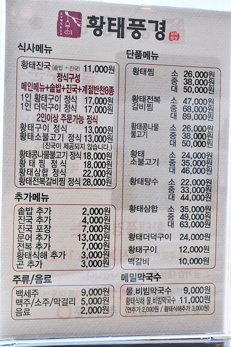 황태풍경에는 정말 다양한 한식 메뉴가 있어요. 그 중에서도 역시 황태구이 전문이에요. 점심때 갔어요. 황태구이정식과 더덕구이 정식을 각각 1개씩 주문했어요. 이렇게 주문이 가능해요. 황태구이 뿐만 아니라 황태찜, 황태전복, 황태소불고기 등등 다양한 메뉴들이 있어요.
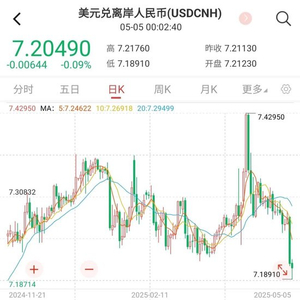 5月5日,离岸人民币盘中一度升穿7.20关口,为去年11月以来首次,创近半年以来新高。
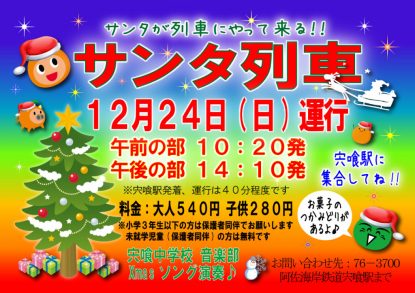 イベントを検索 当日 イベント (2017年 12月24日(日)) › イベント 日付ナビゲーション « 前の日 次の日 » 開催中 ¥300 巨大!つながるブロックのまち 2017年 12月16日(土) @ 09:00 - 2018年 1月31日(水) @ 17:00 海洋自然博物館マリンジャム, Japan 今年の冬はマリンジャムで! チームラボ、阿佐東線25周年を記念して、徳島県南部にある海洋自然博物館「マリンジャ... さらに詳しく » 10:20 ¥280 - ¥540 サンタ列車 2017年 12月24日(日) @ 10:20 - 14:50 宍喰駅, 徳島県海部郡海陽町久保字松本 Japan サンタが阿佐鉄にやって来る★午前10:20宍喰駅発と午後2:10宍喰駅発の列車だけ!!みんな集まれ~(≧∀≦) さらに詳しく » 13:00 まぜのおかクリスマス会2017 2017年 12月24日(日) @ 13:00 - 18:00 まぜのおかオートキャンプ場, 徳島県海部郡海陽町浅川西福良43 ツリー飾りつけに逃走中、スペシャルライブにじゃんけん大会★みんなでクリスマスを楽しも~♪ さらに詳しく » + Export Events
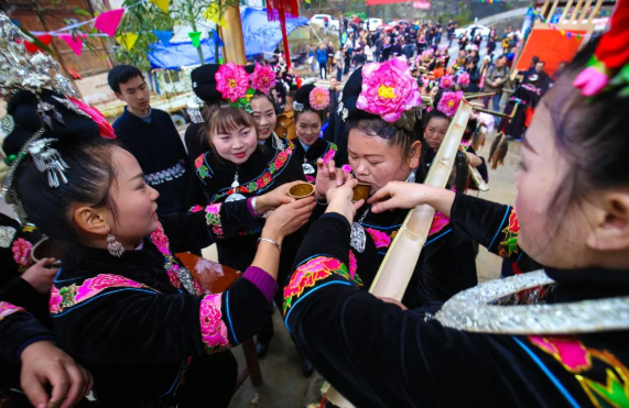 过节时,人们将田中抽穗的谷穗扯三支挂在神龛上祭祖,有的地方将谷穗与陈米同蒸,象征吃新谷。台江的台拱、排羊等地区于农历六月第一个“卯日”过节;张家寨、洋汪等翁你河上游以及台盘阳芳一带的苗寨,则在卯日头一天的寅日晚上先过“寅节”,次日中午才过“卯节”;革一、台盘方黎服饰的苗族是逢第二个“卯日”过节。节日期间会举办“游方”、祭祀、斗牛等民俗庆祝活动,仪式感十足。

## Instructions for the task
Copy the data exactly. Any picture it contains is to be omitted.

## Your response
 황태풍경에는 정말 다양한 한식 메뉴가 있어요. 그 중에서도 역시 황태구이 전문이에요. 점심때 갔어요. 황태구이정식과 더덕구이 정식을 각각 1개씩 주문했어요. 이렇게 주문이 가능해요. 황태구이 뿐만 아니라 황태찜, 황태전복, 황태소불고기 등등 다양한 메뉴들이 있어요.
 5月5日,离岸人民币盘中一度升穿7.20关口,为去年11月以来首次,创近半年以来新高。
 イベントを検索 当日 イベント (2017年 12月24日(日)) › イベント 日付ナビゲーション « 前の日 次の日 » 開催中 ¥300 巨大!つながるブロックのまち 2017年 12月16日(土) @ 09:00 - 2018年 1月31日(水) @ 17:00 海洋自然博物館マリンジャム, Japan 今年の冬はマリンジャムで! チームラボ、阿佐東線25周年を記念して、徳島県南部にある海洋自然博物館「マリンジャ... さらに詳しく » 10:20 ¥280 - ¥540 サンタ列車 2017年 12月24日(日) @ 10:20 - 14:50 宍喰駅, 徳島県海部郡海陽町久保字松本 Japan サンタが阿佐鉄にやって来る★午前10:20宍喰駅発と午後2:10宍喰駅発の列車だけ!!みんな集まれ~(≧∀≦) さらに詳しく » 13:00 まぜのおかクリスマス会2017 2017年 12月24日(日) @ 13:00 - 18:00 まぜのおかオートキャンプ場, 徳島県海部郡海陽町浅川西福良43 ツリー飾りつけに逃走中、スペシャルライブにじゃんけん大会★みんなでクリスマスを楽しも~♪ さらに詳しく » + Export Events
 过节时,人们将田中抽穗的谷穗扯三支挂在神龛上祭祖,有的地方将谷穗与陈米同蒸,象征吃新谷。台江的台拱、排羊等地区于农历六月第一个“卯日”过节;张家寨、洋汪等翁你河上游以及台盘阳芳一带的苗寨,则在卯日头一天的寅日晚上先过“寅节”,次日中午才过“卯节”;革一、台盘方黎服饰的苗族是逢第二个“卯日”过节。节日期间会举办“游方”、祭祀、斗牛等民俗庆祝活动,仪式感十足。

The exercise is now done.